The simple fact is that no team in college football has beaten the elite programs of the SEC this season. Alabama may have been downed Saturday, but it was at the hands of a fellow conference member.
The same goes for No. 5 Georgia, who fell to No. 9 South Carolina and then beat No. 6 Florida two weeks later. Bring in the other top SEC programs like No. 7 LSU, South Carolina and the emerging power No. 8 Texas A&M, who have each accumulated two losses this year all to SEC foes, and the picture is clear.
The SEC is at a disadvantage from finishing with a clean slate because they play in the toughest conference in college football, hands down.
Any idea when the last time one of the four best SEC teams at the end of a season lost to a non-conference opponent? Two seasons ago it happened just once, when Arkansas lost to Ohio State in the Sugar Bowl.

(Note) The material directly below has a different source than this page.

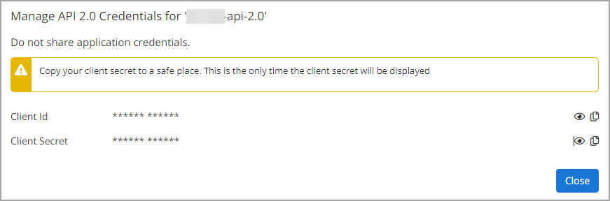 7. A window pops up where you can copy your Client ID and Client Secret.

No other BCS conference comes even close to boasting all-around success like the SEC. In this week’s BCS ratings, after undefeated Kansas State, Oregon and Notre Dame at the top three spots, you hit Alabama at No. 4 and then five SEC programs consecutively fall in line. You read it right, six teams from a single conference are currently in the BCS Top 10.
You could argue individual programs compare to those in the SEC. Oregon comes to mind with two trips to the Rose Bowl and a loss in the BCS Championship game in the past three season under the direction of coach Chip Kelly. Ohio State is always a competitive team, although it’s endured turmoil to that status in recent years. But, under the direction of Urban Meyer, the program will likely see even more success in the coming years after this year’s ban on post-season play is served. But you don’t see a conference that continuously produces multiple top programs each year like the SEC.
As the season looks now, the SEC will not have a seventh-consecutive national title to show the unarguable fact that they are the best. The conference will be at the mercy of losses from two of the three undefeated teams for a spot in the title game. If two teams remain undefeated this season, there is no question they deserve a chance to play for the championship. But until Alabama, or whichever SEC team is its best moving forward, is overthrown by a non-conference program, the SEC’s dominance in college football will remain.